Bei der Auflistung Ihres Einkommens sollten Sie darauf achten, dass Sie unregelmäßige Einkommensteile weglassen. Auch variable Gehaltsbestandteile wie freiwillige Bonifikationen, Kilometergelder, Überstunden oder sonstige unregelmäßige Zulagen sollten Sie nicht miteinbeziehen. Kalkulieren Sie zudem im Falle einer bevorstehenden Familienplanung nicht mit dem gesamten Gehalt beider Elternteile.

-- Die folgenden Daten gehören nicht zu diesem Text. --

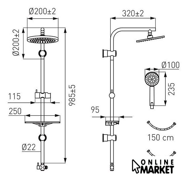 | Комплектация | верхний душ, штанга, ручной душ (лейка), держатель лейки, шланг, полочка |

Beachten Sie aber unbedingt, dass oftmals Zusatzeinkünfte vorhanden sind. Beispiele für Zusatzeinkünfte können sein:

  • Zinsen aus Kapitalvermögen
  • Vermietungseinnahmen von bestehenden Immobilien
  • Vermietungseinnahmen von zukünftig vermieteten Immobilien
  • Familienbeihilfe sowie Unterhaltszahlungen
  • Familiäre Zuwendungen, sofern diese am Kontoauszug ersichtlich sind
  • sonstige Einnahmen 

TIPP: Hausfinanzierung durch Mieteinnahmen

Einnahmen aus Vermietung und Verpachtung werden von den meisten Banken bei der Berechnung der Hausfinanzierung nur zu 75 bis 80% der Nettokaltmiete herangezogen. Manche Banken berücksichtigen Mieteinnahmen nur, sofern diese bereits bestehen. Dafür benötigen Banken Nachweise in Form eines aufrechten und unterfertigten Mietvertrages sowie einer Kontoinformation.

Ausgaben

Bei den Ausgaben empfehlen wir Ihnen, eine genaue Aufstellung sämtlicher Ausgabenpositionen zu machen. Nehmen Sie sich dabei Ihren Monatskontoauszug zur Hand und erfassen Sie sämtliche Positionen. Noch besser wäre der Gehaltskontoauszug der letzten 3 Monate, um keine Ausgaben zu vergessen.

Wenn Sie jährliche Kosten haben, sollten Sie darauf achten, dass Sie diese auf jeden Fall miteinkalkulieren. Versicherungen oder auch Heizölfüllungen werden meist jährlich bezahlt. Teilen Sie diese Kosten auf 12 Monate auf und beziehen Sie sie in Ihre Auflistung mit ein.

Lebenshaltungskosten

Was versteht man unter Lebenshaltungskosten? In welchem Zusammenhang stehen Ihre Lebenshaltungskosten mit Ihrer Hausfinanzierung?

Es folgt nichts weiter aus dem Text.